In the past year the issue has gotten increased attention from
the national conference, dozens of lawsuits have been filed on behalf
of consumers and congressional hearings have been held. This month Sen.
Claire McCaskill, a Missouri Democrat, introduced legislation that
would require pumps to adjust for temperature; her bill included a
trust fund to help many gas stations pay for converting their pumps.
At the national conference’s recent meeting, some objections to
the proposal for temperature adjustment stemmed from concerns about
technical issues such as determining the density of fuel and
difficulties in inspecting the equipment that makes the adjustment.
A committee was set up to collect more information on those and
other issues that would need to be handled if retail fuel is dispensed
adjusted for temperature.
That committee’s three-day meeting in Chicago, which ended
Wednesday, was meant to share the committee’s findings and get
reaction.
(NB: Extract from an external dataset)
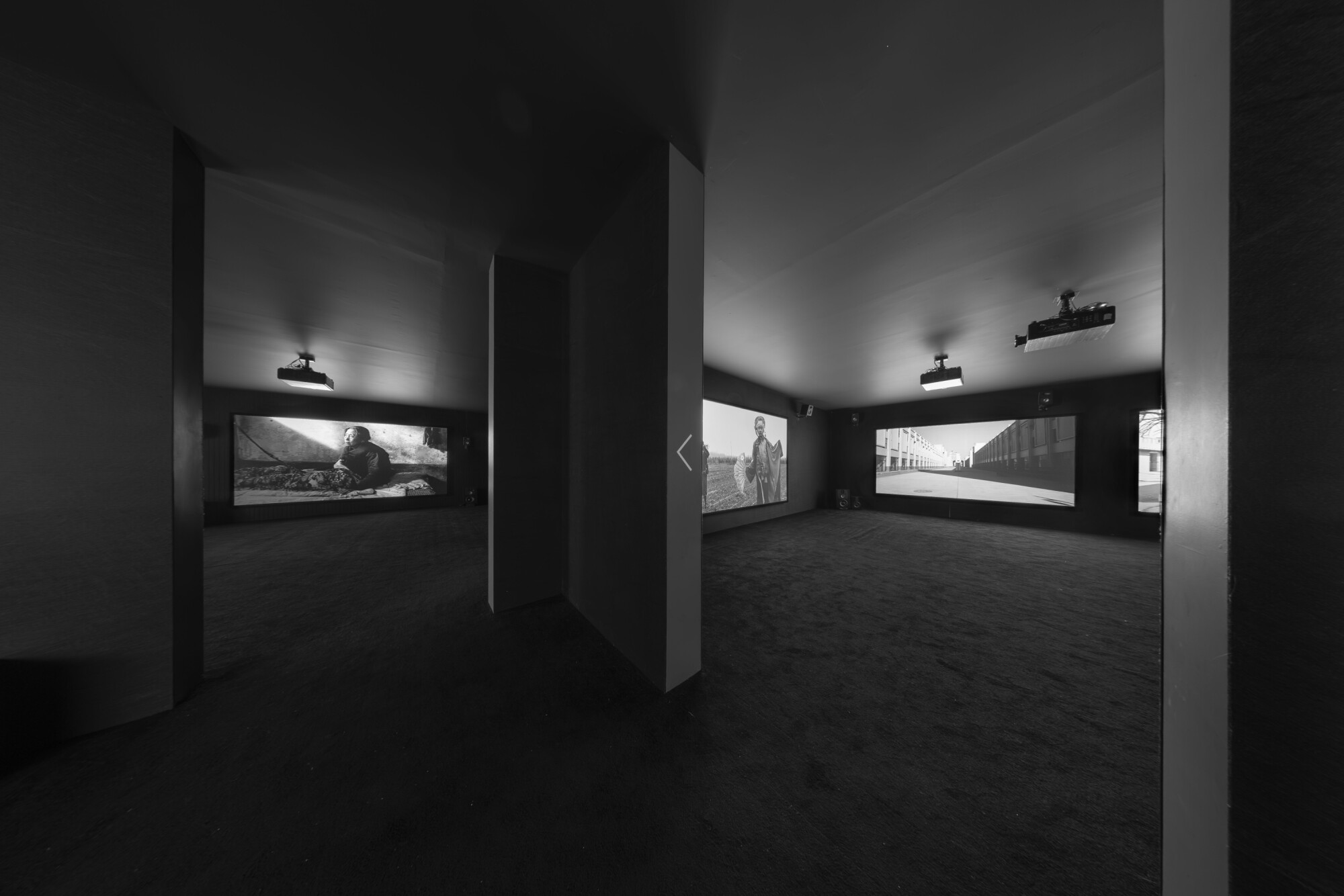 展览空间以“迷宫”“城楼”“广场”等多种象征性空间形态为结构,配以黑白与多层次灰色调,形成既具秩序感又充满诗意的场域。此外,艺术家拒绝设定单一的观展路线,通过多通道与多向的空间布局,让观众在展厅中或徘徊、或折返,甚至迷失方向,仿佛没有固定的起点与终点。光线的运用强化了这种错位的体验,使影像叙事与空间叙事共同指向一种模糊而多维的身体感知。本次展览空间由UCCA展览部杨翛然设计。

The findings now will go to the conference’s four regional
groups, which each meet during the year, and to the national
conference, which has an interim meeting in January and its annual
meeting in July.
Besides oil industry and consumer group representatives,
several other regulators who are members of the national conference
attended the committee meeting this week.
The industry representatives, who ranged from gas-station
owners to big oil company officials, were largely silent on the details
of what was needed to implement a hot fuel fix, preferring instead to
say it was not needed. In some instances, they did comment on why they
thought certain proposals would not work.
Industry representatives also mentioned a National Academy of
Sciences study on the cost and benefit of adjusting fuel for
temperature, and they urged committee members to consider it.
Sarah Dodge, vice president of government affairs for the
National Association of Truck Stop Operators, said the study would be
completed in September or October.
But Bill Kearney, a spokesman for the National Academy of
Sciences, in a telephone interview said there "is no study at this
point." There have been discussions with a House committee, Kearney
said, but no decision has been made and no money provided for a study.
Moreover, the academy would be unlikely to do a cost-benefit analysis.
"We would stick to the science," he said.
Most of the state weights and measures officials who attended
the Chicago meeting voted against or abstained from voting on
temperature adjustment at the conference’s meeting in July. Three of
the five committee members did as well.
Nevertheless, progress was made on the technical issues, which were once seen as major concerns.
One committee member’s recent trip to Canada, which has been
adjusting fuel for temperature for about 20 years, settled concerns
about the inspections. The only additional equipment required by an
inspector would be a $250 thermometer, and the additional time needed
was not as much as expected.
"We can do this easily," said Ross Andersen, the head of New
York state’s weights and measures department and a member of the
The density of fuel was also viewed at the July annual meeting
as a major problem because fuel can have different densities, which
affects the adjustment needed for hot fuel. That was solved by
recommending that an average be used.
The committee did struggle with reaching a recommendation on
whether the fix for hot fuel should be mandatory or voluntary. That
issue probably will be left to the national conference and its regional
The committee’s meeting wrapped up Wednesday morning with
encouragement for everyone involved to share views, including those
representing consumers and independent truckers.
Judy Cardin, chairwoman of the National Conference on Weights
and Measures, said all viewpoints were needed on what is considered the
major issue facing the conference.
"Thank you all for being here," she said. "This clearly is not an easy decision."